(Data for this task)
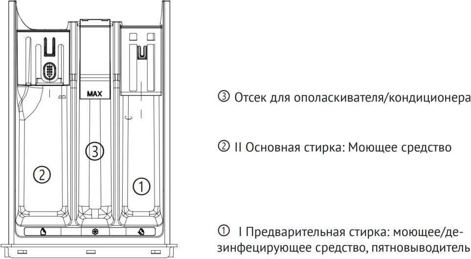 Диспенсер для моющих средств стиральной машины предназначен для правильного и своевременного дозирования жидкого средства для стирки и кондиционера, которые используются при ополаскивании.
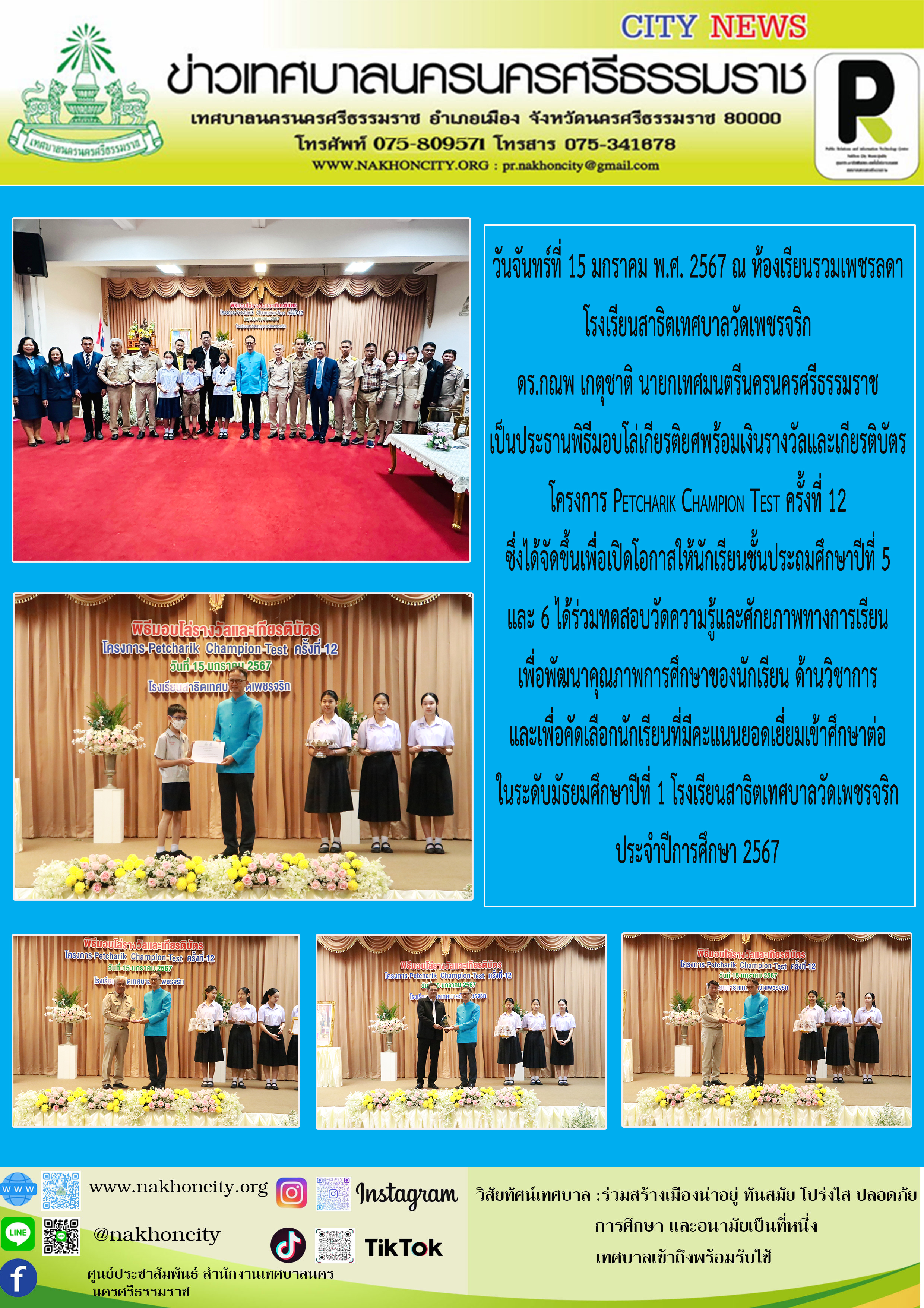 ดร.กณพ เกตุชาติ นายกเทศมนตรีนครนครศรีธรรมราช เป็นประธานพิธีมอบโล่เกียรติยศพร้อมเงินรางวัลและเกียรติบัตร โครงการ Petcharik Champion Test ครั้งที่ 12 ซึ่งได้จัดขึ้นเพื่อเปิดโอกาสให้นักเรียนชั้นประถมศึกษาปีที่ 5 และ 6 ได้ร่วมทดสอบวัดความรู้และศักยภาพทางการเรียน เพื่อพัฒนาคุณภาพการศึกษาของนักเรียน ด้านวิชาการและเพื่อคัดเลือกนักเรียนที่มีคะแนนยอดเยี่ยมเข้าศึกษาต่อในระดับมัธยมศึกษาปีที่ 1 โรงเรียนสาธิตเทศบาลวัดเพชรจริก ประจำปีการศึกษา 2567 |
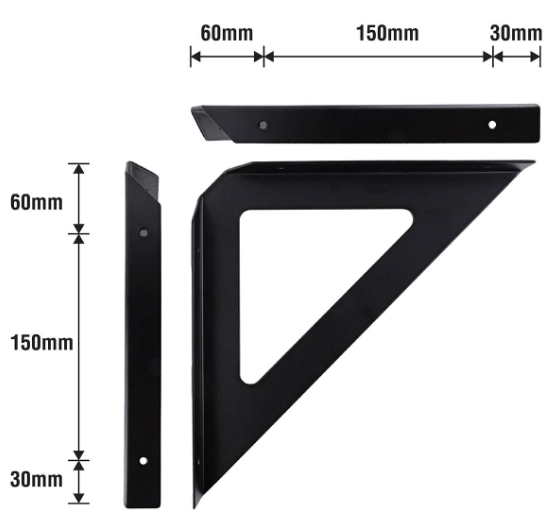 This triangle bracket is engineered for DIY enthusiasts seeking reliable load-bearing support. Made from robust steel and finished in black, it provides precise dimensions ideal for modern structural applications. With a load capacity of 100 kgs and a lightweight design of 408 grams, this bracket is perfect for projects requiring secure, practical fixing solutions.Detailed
(End Data for this task)
(Data for this task)
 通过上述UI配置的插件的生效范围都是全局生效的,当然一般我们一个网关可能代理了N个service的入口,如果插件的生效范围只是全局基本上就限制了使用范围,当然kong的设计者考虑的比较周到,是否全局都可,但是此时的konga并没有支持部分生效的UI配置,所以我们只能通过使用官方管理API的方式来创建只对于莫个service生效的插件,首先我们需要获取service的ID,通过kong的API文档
(End Data for this task)
■ What the task asks ■
Give again, exactly as written above, every line from the one holding "Диспенсер для моющих" to the one holding "ดร.กณพ เกตุชาติ นายกเทศมนตรีนครนครศรีธรรมราช", with both ends kept and the pictures left out.

■ Response area ■
 Диспенсер для моющих средств стиральной машины предназначен для правильного и своевременного дозирования жидкого средства для стирки и кондиционера, которые используются при ополаскивании.
 ดร.กณพ เกตุชาติ นายกเทศมนตรีนครนครศรีธรรมราช เป็นประธานพิธีมอบโล่เกียรติยศพร้อมเงินรางวัลและเกียรติบัตร โครงการ Petcharik Champion Test ครั้งที่ 12 ซึ่งได้จัดขึ้นเพื่อเปิดโอกาสให้นักเรียนชั้นประถมศึกษาปีที่ 5 และ 6 ได้ร่วมทดสอบวัดความรู้และศักยภาพทางการเรียน เพื่อพัฒนาคุณภาพการศึกษาของนักเรียน ด้านวิชาการและเพื่อคัดเลือกนักเรียนที่มีคะแนนยอดเยี่ยมเข้าศึกษาต่อในระดับมัธยมศึกษาปีที่ 1 โรงเรียนสาธิตเทศบาลวัดเพชรจริก ประจำปีการศึกษา 2567 |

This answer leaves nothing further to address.